Alebrije’s logo — a colourful winged raccoon — blends a quintessentially Toronto image with Mexican folklore, mirroring the menu’s mix of Canadian ingredients and Mexican flavours.

“We’re blending Mexican ingredients and recipes with Canadian meats, produce, and fish,” Ryan says. “Alebrije is all about mixing creatures together, and this felt like the perfect way to bridge the concept with the food.”

On the menu, that idea comes to life with a maple leaf from Toronto trees, deep-fried in corn batter to form the base for a salmon tartare tostada. Atlantic B.C. salmon is piled on top, then finished with morita chiles, serrano peppers, avocado, and tomatillo salsa for a dish that’s as visually striking as it is unique.
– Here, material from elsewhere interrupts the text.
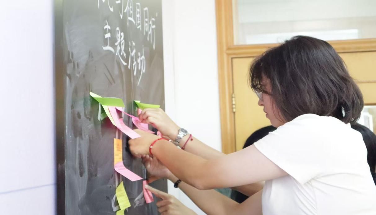 随后,手写祝福环节温馨而感人。同学们拿起笔,在纸上认真地写下对学院和祖国的真挚祝福。有的同学写下了对学院未来发展的美好期许,希望学院能够培养出更多优秀的人才,为国家的经济建设和社会发展做出更大的贡献;有的同学则表达了对祖国繁荣昌盛的衷心祝愿,愿祖国山河无恙,国泰民安。这些祝福承载着同学们的深情厚谊,也展现了他们的责任与担当。每一个字都是同学们内心最真实的表达,每一句话都是同学们对学院和祖国的深深眷恋。同学们写下的祝福便条被一张张粘贴在黑板上,组成“75”的字样,蕴含着对新中国成立75周年的深深祝愿。

Ryan also honours tradition with dishes like red snapper from Veracruz, served with stewed tomatoes, capers, olives, and a crisp potato lining. The menu rounds out with pork cochinita, veggie-forward mains and inventive takes on birria and guacamole.

The bar program, too highlights Mexican and Canadian ingredients, with a full wine list focused on Niagara vintages alongside local craft beer and cider. Margheritas are a given, but Alebrije puts a twist on the classics with flavours like seasonal peach and chipotle or sea buckthorn berry. Can’t choose? Flights let you sample three one-ounce margheritas in one go.

With its convergence of fine-dining and playfulness, Ryan says the goal at Alebrije is to cater to a range of diners.

“We want Alebrije to work as a date night spot for a romantic dinner or a bottle of wine,” Ryan says. “But being in Harbord Village, we also wanted it to be a place people can drop by a few nights a week—bring the family or just grab a flight of margheritas and a snack after work.”